I developed the “How to Fall Out of Love” program from my notes on the first person I ever treated for a broken heart. Of course I realize that poets and song writers have much more to say about the pain of love than any therapist ever could. But I thought I might have something to add. Something that would help people get over their pain and get on with their lives. I analyzed the components of unrequited love: obsessive thinking; putting the person who doesn’t return your love on a pedestal; feeling a strong emotional and sexual attraction for that person; feeling worthless and inadequate; and, typically, intense jealousy about any other relationship that he or she might have.
I then designed ways to change those painful components for the better…
“How to Fall Out of Love” is a painstaking reproduction of an extraordinarily successful behavior therapy program. I wrote it for the millions of people (divorced, separated, or in a destructive relationship) who are suffering and have no idea how to deal with their suffering other than vaguely trying to suppress the love they feel for someone who does not love them, and for people who are in a relationship that gives them only pain.
“How to Fall Out of Love” is a sincere effort to make therapy practical, concrete, accessible, brief, and durable. The point is to stop the pain caused by obsessive thinking about someone who does not or cannot love you and to give you the skills you need to build a new relationship. It’s not a “fun read.” It is a work book, a step-by-step manual on how to stop constantly thinking about someone and how to change the way you think about someone. And how to get on with your new life. As the new cover says, “Someone you know needs this book.”

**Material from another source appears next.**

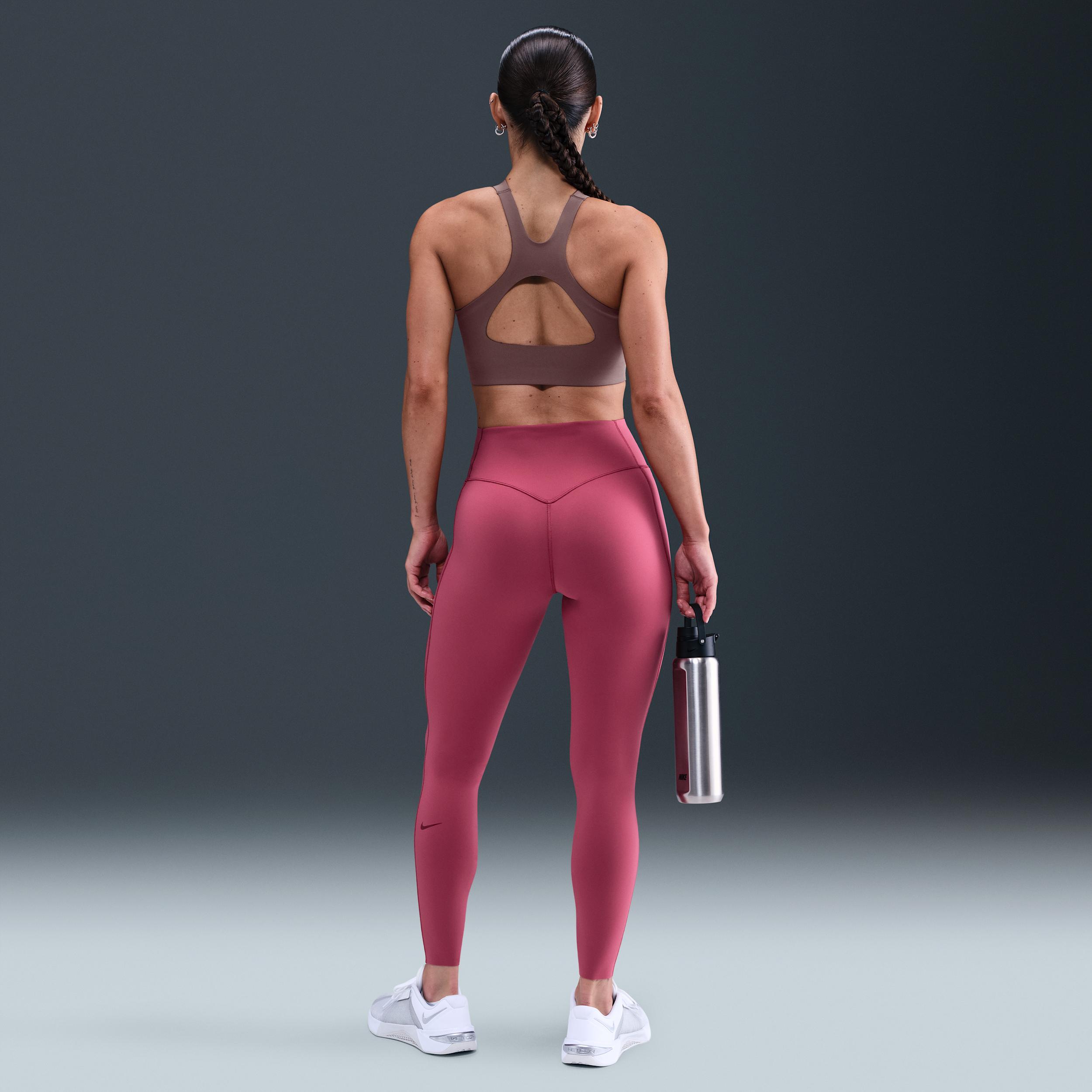 Dont let em see you sweat. We elevated the design of our Universa leggings to look smooth and help conceal sweat, thanks to a no-seam front and moisture-concealing technology. Their midweight, ultrasmooth fabric offers squat-proof stretch that helps lift and shape. Plus, an updated waistband resists rolling, so you can go all out with confidence. Keep Sweat out of Sight:Nike Stealth Evaporation technology manages moisture to help hide visible signs of sweat on your garment. It combines with Nike Dri-FIT technology that moves sweat away from your skin for quicker evaporation, helping you stay dry and comfortable.,Smoothing Touches:The absence of a front seam helps keep the fabric from riding up. A discreet back pocket and drop-in side pockets that fit most phones help keep the look smooth. [] Product Details:77% polyester/23% spandex. Laser-cut hem. Silicone Swoosh logo on left calf. Machine wash. Imported. Not intended for use as Personal Protective Equipment (PPE). Style: HQ6813; Color: Sweet Beet/Deep Garnet/Rush Maroon; Size: 2XS; Gender: Female; Age Group: Adult | Nike Universa Womens High-Waisted 7/8 Leggings with No Front Seam in Purple, Size: 2XS | HQ6813-634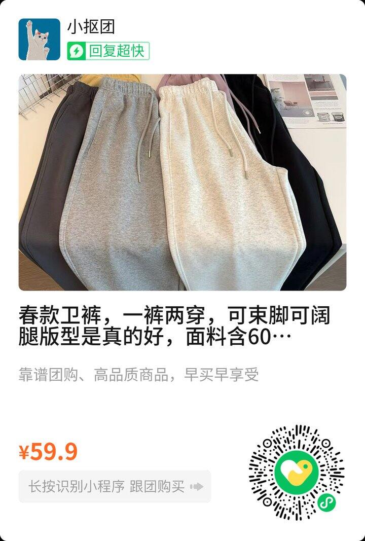 百搭基础款春款卫裤59.9,裤脚可两穿

As I was saying few days ago, the world has changed radically since I first wrote “How to Fall Out of Love”. In that distant time, nobody had heard of the Internet, Walmart, Starbucks and Tim Tebow. Now we connect on Facebook and Zoosk. We Skype, Google and tweet to give our friends the news of our lives with a click. And yet, as much as the world has changed since I first wrote the book, human nature hasn’t changed at all. When love ends today it is just as painful as it was in those distant days before the Internet.

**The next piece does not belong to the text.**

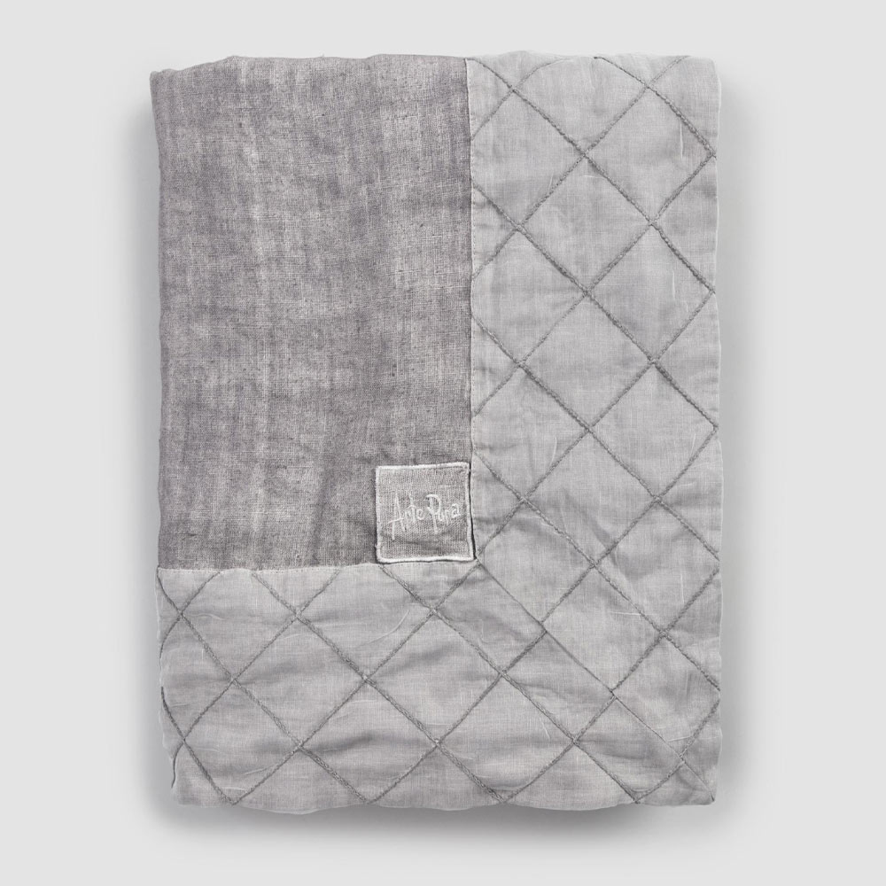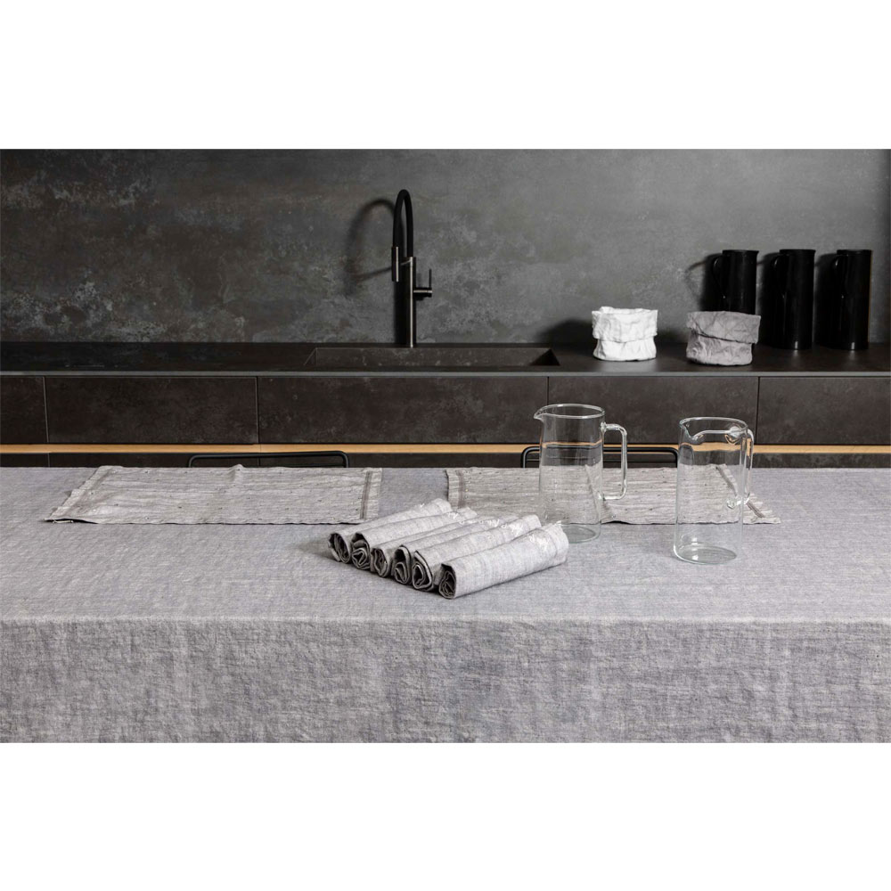 Tischdecke und Bordüre aus anthrazitfarbenem Leinen mit geometrischem Dekor, handgefertigt - Dippel

Isn’t it ironic that love, our greatest source of joy, can inflict so much pain?
Half the marriages in the United States end in divorce, casual affairs are common, and there’s a parallel rise in suffering.Perhaps as choices increase and the old behavior codes decline, anxiety rises. Perhaps people are simply more open about their pain.

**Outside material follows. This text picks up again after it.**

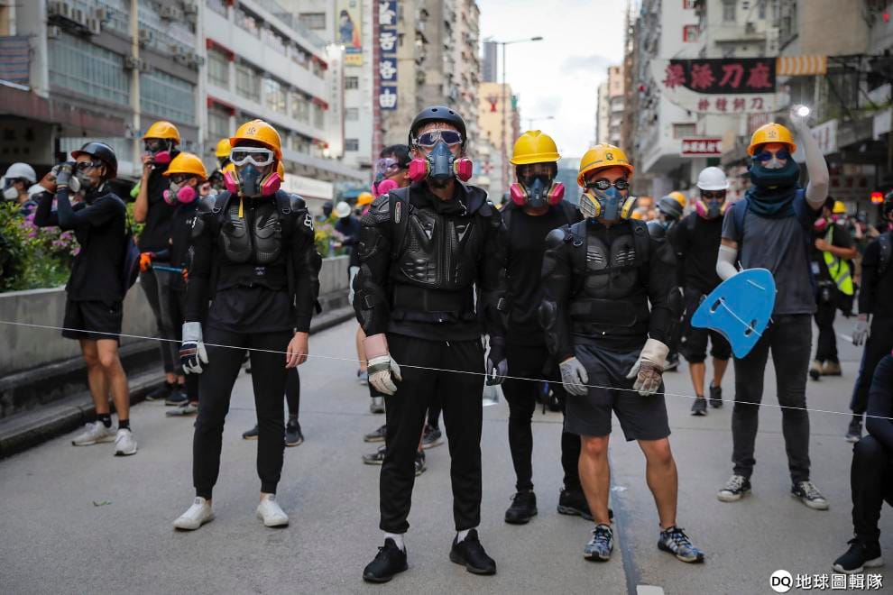 8月11日,全副武裝的示威民眾在街頭表達訴求,並且隨時注意香港警察的動向。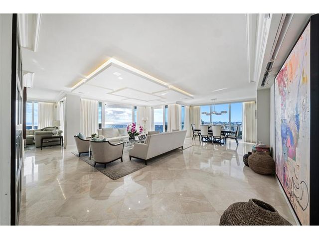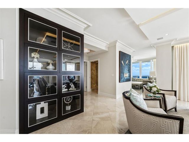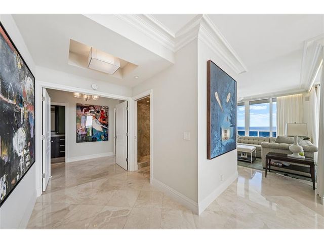 DIRECT OCEAN FRONT RESIDENCE, RARELY AVAILABLE, SPECTACULAR DIRECT OCEAN AND COAST LINE VIEWS, TRULY BEST SOUTHEAST VIEWS & FLOOR PLAN AROUND, Luxury living on the sand. Completely renovated with designer finishes. Open Floor plan,3 bedrooms plus office. Floor to ceiling Impact Glass, Private Elevator, private foyer, Smart home technology, new AV Equip & TV, Architecturally designed ceilings, customized automated window treatments, marble floors, 2 New AC units, 2 New HWH, New House Water Filtration system, tons of storage . This exquisite gated residence is situated on over 10 acres of lush landscaping with resort-like amenities, 2 pools, tennis courts, fitness center, private beach pavilion, cafe, spas, saunas, steam room, pet friendly, 2 Garage Spots,1 w/EV Charging Station

Whatever the reason, every time I mention that I have a program called “How to Fall Out of Love,” I am swamped with letters and phone calls and personal visits from people who have seen the order of their lives turn to chaos, who suffer emotional devastation and pain and who desperately need help. And now with years more experience, hundreds of new cases, and innumerable improvements to my program, I knew I could make “How to Fall Out of Love” better and I knew I had to renew it.
The more I thought about updating and revising “How to Fall Out of Love”, the more excited I got about the project. So many of my techniques have been vindicated by new discoveries in neuroscience. We know so much more about how the brain works now on a cell by cell level.
So now that phrase from the beginning of the book “if you can learn to unlearn what freedom” is backed up by the new science on how the brain works. You can’t wish for change to make it happen. You can’t just tell yourself to stop thinking about someone who you have been thinking about constantly for months or years. But you can unlearn. And that’s exactly what “How to Fall Out of Love” is, a step by step program to unlearn those obsessive thoughts about someone. And a way to think about them differently.